Metabolic syndrome (MS) comprises a cluster of pathologies: abdominal obesity, hyperglycemia (insulin resistance or impaired glucose tolerance and diabetes), dyslipidemia (hypertriglyceridemia and/or low HDL-cholesterol), and hypertension . MS, which has become one of the major public-health problems worldwide, has been associated with increased risk of cardiovascular disease and type 2 diabetes .
MS is related to lifestyle, particularly to unbalanced energy-rich diets. Epidemiological studies have shown a strong negative relationship between the consumption of whole grains and the risk of developing MS . In healthy middle-aged Tehranian adults, a higher intake of whole grains is associated with a 25% lower prevalence of impaired glucose tolerance . Older adults with higher intakes of whole grain foods (i.e., 2.9 servings/day) have a lower prevalence of MS (OR: 0.46; 95% CI: 0.27–0.79) compared to subjects with lower whole grain intakes (i.e., <1 serving/day) . Pereiar et al. reported that fasting insulin levels were 10% lower with whole grain diets than with refined grain diets . Based on these studies, the 2005 Dietary Guidelines for Americans and Healthy People 2010 has recommended the consumption of at least three servings of whole grains per day [7,8].
Tibetan hull-less barley (THB) has been a staple food crop in Tibet for centuries. THB accounts for >97.7% of the total Tibetan barley varieties. The crop is cold- and drought-tolerant and can be cultivated at high altitudes; THB is the only crop that can be grown at >4200 m in the Tibetan Plateau. Extreme geographical conditions such as intense UV radiation, seasonal drought, and hypoxia contribute to lower crop yield but with plenty of secondary metabolites, including benzoic, cinnmaic acid derivatives, proanthocyanidins, flavonols and amino compounds [9,10]. Our previous research  has demonstrated that total soluble phenolic compounds and total antioxidant capacity of THB in the outer layers are more than two-fold higher than that of Tianjin hull-less barley (a variety grown in the plain). Moreover, among 164 Chinese barley cultivars, THB has the highest β-glucan content (approximately 8.62%) . Over the past decade, THB has received considerable attention due to its health benefits. Epidemiological studies have reported a lower prevalence of hyperlipidemia and diabetes with the consumption of THB . In a randomized double-blind trial, Xiong et al.  reported that the dietary intake of whole THB (W-THB) significantly reduced plasma cholesterol concentrations, serum triglyceride levels, and body weight in 227 dyslipidemic patients. Similarly, a recent study by Li et al. reported that W-THB significantly decreased postprandial blood glucose and insulin levels in healthy adults . Altogether, these studies strongly support the idea that increasing the consumption of W-THB might be a useful dietary approach to lowering the risk of developing MS.

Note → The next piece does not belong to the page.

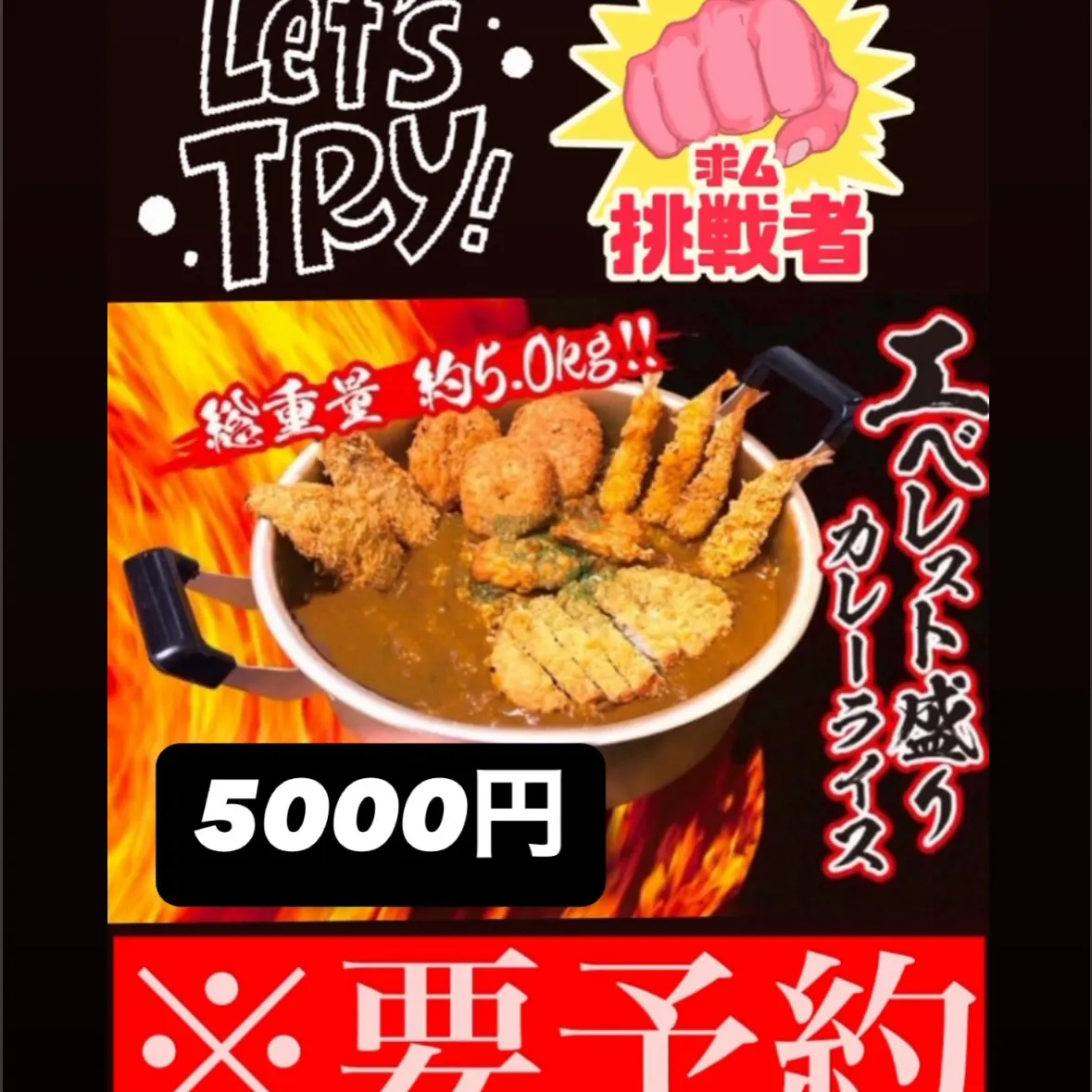 話題の5キロカレー⁉️💦その名はエベレスト盛カレー🍛総重量5キロのカレーライスになります🔥チャレンジャー募集中です🇯🇲1人チャレンジは1時間以内で完食で無料。(ご無理はされないように😓)家族や友達とチ…

This study assessed the effects of W-THB in rats with MS. The main objectives of this study were to (1) investigate the effects of a hypo-caloric diet containing W-THB on rats with diet-induced MS and (2) evaluate whether MS is affected by whole grains, which contain nutrients and bioactive phytochemicals, but are highly caloric.

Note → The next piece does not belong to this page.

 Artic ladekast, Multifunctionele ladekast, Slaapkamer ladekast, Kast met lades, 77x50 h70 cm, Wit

A total of 40 male Sprague-Dawley rats (4–5 weeks of age) weighing 170–210 g were obtained from Zhejiang Experimental Animal Center (Hangzhou, Zhejiang, China). The rats were housed (five per cage) in an air-conditioned room (23 ± 2 °C and 60% ± 10% relative humidity) with 12-h light and 12-h dark cycles. All experimental procedures were approved by the ethical committee for laboratory animals of Zhejiang University.

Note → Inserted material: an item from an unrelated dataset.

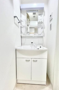洗面所独立タイプで、シャワー付き洗面化粧台を採用しております。朝の支度や帰宅後の手洗いがスムーズに行え、生活導線が快適です。収納スペースもあり、化粧品や洗面用具を整理しやすい点もポイントです。
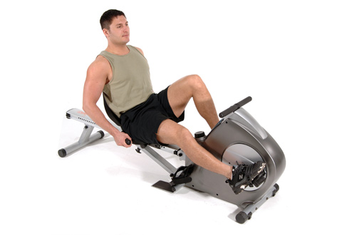 The Recumbent Bike and Rower is comfortable with adjustable, molded foam padded, seats, pedal foot straps to keep feet firmly in place and rotating rowing pedals. It offers 8 levels of smooth, quiet magnetic resistance and has a built-in multi-function electronic monitor that tracks speed, distance, time, calories burned, and pulse rate. Features sturdy steel construction, has wheels for portability and folds compactly so you can easily stash it in a closet when it's not in use.

Experimental diets were designed to resemble a human high-fat-sucrose diet, in terms of the contribution of fat, protein, and carbohydrate to the total energy intake (Table 1).
|Table 1. Composition and energy content of the experimental diets.|
|High-Fat-Sucrose Diet (g/100 g)|
|Whole wheat flour||30||-||-|
|Refined wheat flour||-||50.4||-|
|Whole Tibetan hull-less barley (W-THB)||-||-||50.4|
The indexes for energy determination were 4.0 kcal/g (protein and carbohydrate) and 9.0 kcal/g (fat).
2.3. Experimental Procedures
Following a 3-day acclimation period, the rats were randomly assigned to one of three groups: (1) a basal diet group (BD; n = 10); (2) a high-fat-sucrose diet with refined wheat group (HFS-W; n = 15); or (3) a high-fat-sucrose diet with W-THB group (HFS-THB; n = 15). The rats were fed the experimental diets for 15 weeks. Body weights were monitored every week. Food intake was determined every week as following: presented dry food substrate by rejected dry food. The result was divided by 5 to take into account the presence of five rats per cage. Blood samples were taken on weeks 0, 4, 8, and 15 from 12-h fasted rats. These blood samples were used for plasma glucose and plasma insulin measurements. Plasma total cholesterol (TC), triglyceride (TG), high-density lipoprotein cholesterol (HDL-C), and low-density lipoprotein cholesterol (LDL-C) concentrations were determined in the endpoint plasma samples. At the end of the study, the rats were sacrificed with intraperitoneal chloral hydrate (100 g/L) following a 12-h fast. Epididymal fat, abdominal fat, and liver were removed, rinsed with phosphate-buffered saline, and weighed. The liver samples were stored at −70 °C.
2.4. Serum Lipid Profile
TC, TG, HDL-C, and LDL-C serum concentrations were determined in a Cobas 8000 modular chemistry analyzer (Roche Co., Mannheim, Germany).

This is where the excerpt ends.